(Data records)

====

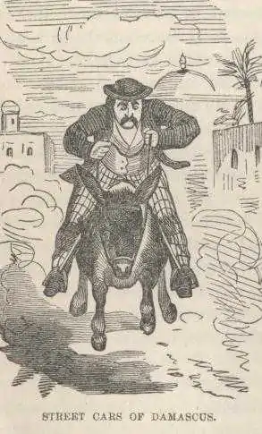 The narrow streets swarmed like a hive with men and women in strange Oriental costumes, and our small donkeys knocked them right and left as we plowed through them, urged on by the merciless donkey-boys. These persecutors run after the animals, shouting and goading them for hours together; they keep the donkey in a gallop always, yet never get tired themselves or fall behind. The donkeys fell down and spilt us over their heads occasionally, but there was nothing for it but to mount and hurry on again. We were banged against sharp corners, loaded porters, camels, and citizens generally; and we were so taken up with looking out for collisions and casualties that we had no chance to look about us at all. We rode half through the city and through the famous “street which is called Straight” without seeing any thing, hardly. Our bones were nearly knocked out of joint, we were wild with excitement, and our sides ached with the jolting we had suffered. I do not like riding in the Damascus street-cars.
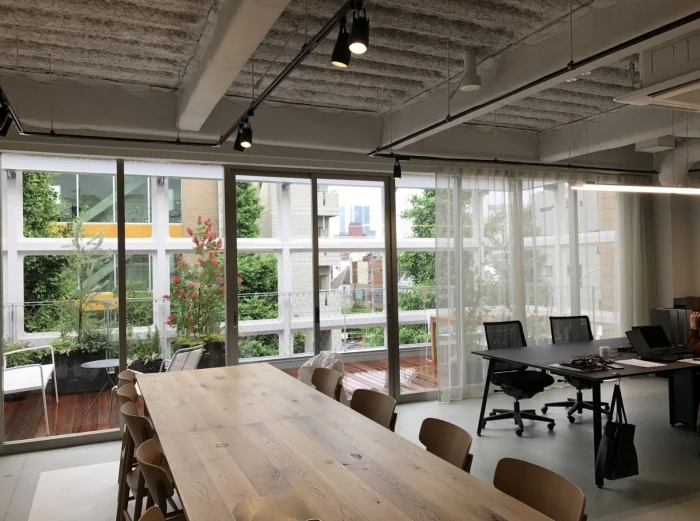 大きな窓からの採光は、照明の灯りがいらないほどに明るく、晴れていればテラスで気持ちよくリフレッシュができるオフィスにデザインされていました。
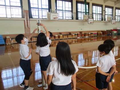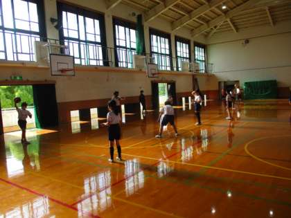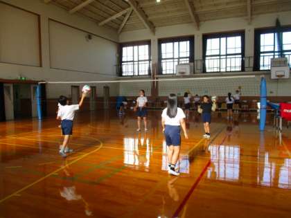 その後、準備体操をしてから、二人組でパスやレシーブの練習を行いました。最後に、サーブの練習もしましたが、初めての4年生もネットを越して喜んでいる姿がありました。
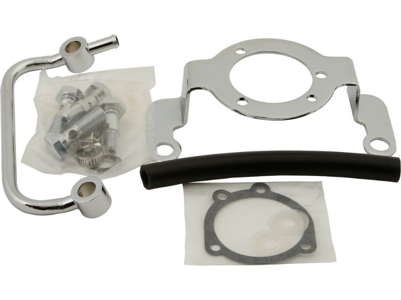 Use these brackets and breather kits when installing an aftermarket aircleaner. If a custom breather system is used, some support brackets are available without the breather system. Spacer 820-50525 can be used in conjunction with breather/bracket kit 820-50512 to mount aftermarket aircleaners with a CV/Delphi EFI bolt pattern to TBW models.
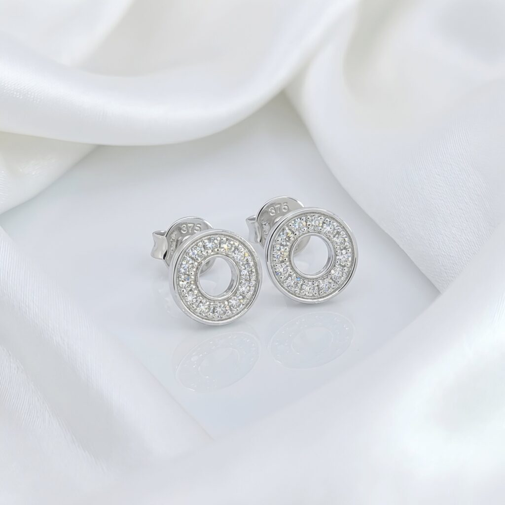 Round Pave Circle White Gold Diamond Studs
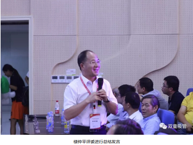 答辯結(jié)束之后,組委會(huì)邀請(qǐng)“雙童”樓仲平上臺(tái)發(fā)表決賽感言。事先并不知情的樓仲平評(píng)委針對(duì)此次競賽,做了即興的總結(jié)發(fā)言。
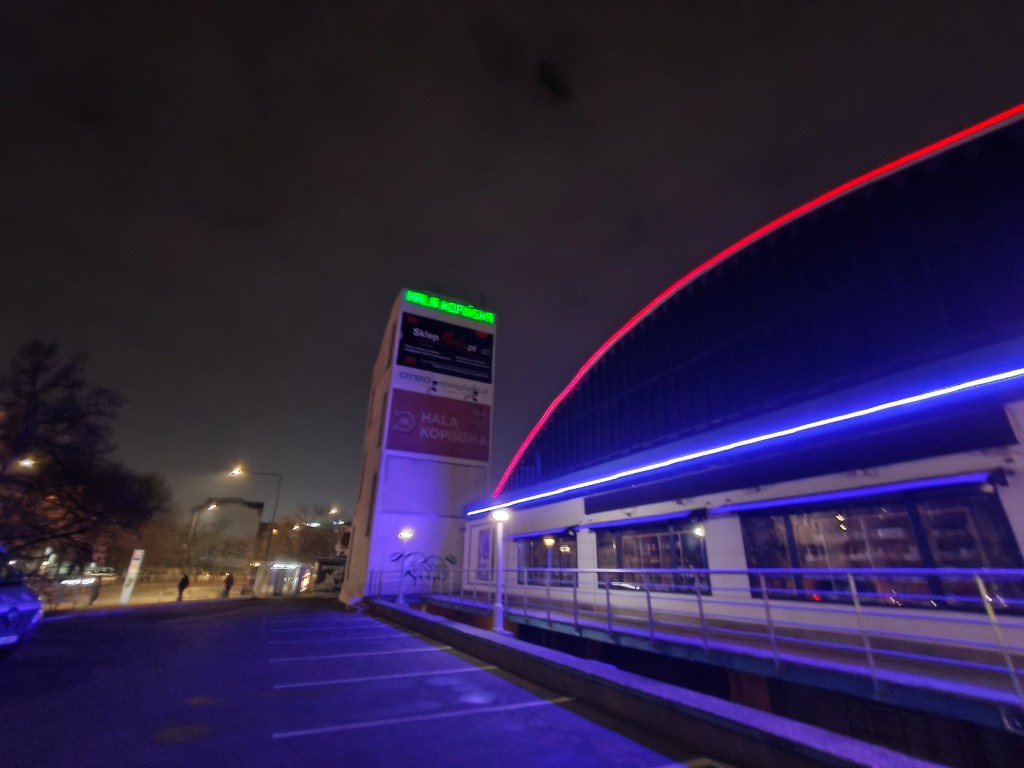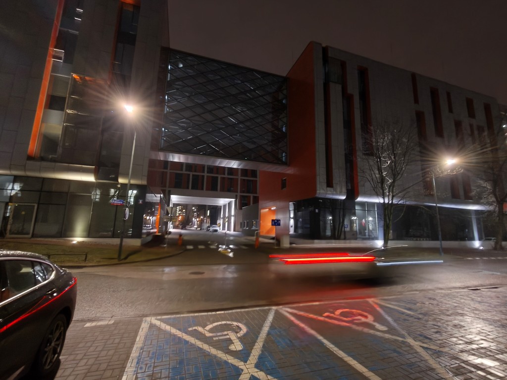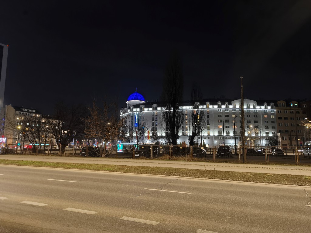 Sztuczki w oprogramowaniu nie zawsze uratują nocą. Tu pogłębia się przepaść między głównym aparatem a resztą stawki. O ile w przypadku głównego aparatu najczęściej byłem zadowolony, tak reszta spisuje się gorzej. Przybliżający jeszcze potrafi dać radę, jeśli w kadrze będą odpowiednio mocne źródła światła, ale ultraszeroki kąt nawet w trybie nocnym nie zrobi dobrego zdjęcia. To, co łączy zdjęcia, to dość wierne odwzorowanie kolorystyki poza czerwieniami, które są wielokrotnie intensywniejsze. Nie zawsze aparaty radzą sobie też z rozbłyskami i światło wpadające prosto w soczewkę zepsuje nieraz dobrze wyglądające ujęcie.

====

* **PROBLEM**:
The output should consist of every entry above, printed exactly, with the images removed.

* **RESPONSE AREA**:
 The narrow streets swarmed like a hive with men and women in strange Oriental costumes, and our small donkeys knocked them right and left as we plowed through them, urged on by the merciless donkey-boys. These persecutors run after the animals, shouting and goading them for hours together; they keep the donkey in a gallop always, yet never get tired themselves or fall behind. The donkeys fell down and spilt us over their heads occasionally, but there was nothing for it but to mount and hurry on again. We were banged against sharp corners, loaded porters, camels, and citizens generally; and we were so taken up with looking out for collisions and casualties that we had no chance to look about us at all. We rode half through the city and through the famous “street which is called Straight” without seeing any thing, hardly. Our bones were nearly knocked out of joint, we were wild with excitement, and our sides ached with the jolting we had suffered. I do not like riding in the Damascus street-cars.
 大きな窓からの採光は、照明の灯りがいらないほどに明るく、晴れていればテラスで気持ちよくリフレッシュができるオフィスにデザインされていました。
 その後、準備体操をしてから、二人組でパスやレシーブの練習を行いました。最後に、サーブの練習もしましたが、初めての4年生もネットを越して喜んでいる姿がありました。
 Use these brackets and breather kits when installing an aftermarket aircleaner. If a custom breather system is used, some support brackets are available without the breather system. Spacer 820-50525 can be used in conjunction with breather/bracket kit 820-50512 to mount aftermarket aircleaners with a CV/Delphi EFI bolt pattern to TBW models.
 Round Pave Circle White Gold Diamond Studs
 答辯結(jié)束之后,組委會(huì)邀請(qǐng)“雙童”樓仲平上臺(tái)發(fā)表決賽感言。事先并不知情的樓仲平評(píng)委針對(duì)此次競賽,做了即興的總結(jié)發(fā)言。
 Sztuczki w oprogramowaniu nie zawsze uratują nocą. Tu pogłębia się przepaść między głównym aparatem a resztą stawki. O ile w przypadku głównego aparatu najczęściej byłem zadowolony, tak reszta spisuje się gorzej. Przybliżający jeszcze potrafi dać radę, jeśli w kadrze będą odpowiednio mocne źródła światła, ale ultraszeroki kąt nawet w trybie nocnym nie zrobi dobrego zdjęcia. To, co łączy zdjęcia, to dość wierne odwzorowanie kolorystyki poza czerwieniami, które są wielokrotnie intensywniejsze. Nie zawsze aparaty radzą sobie też z rozbłyskami i światło wpadające prosto w soczewkę zepsuje nieraz dobrze wyglądające ujęcie.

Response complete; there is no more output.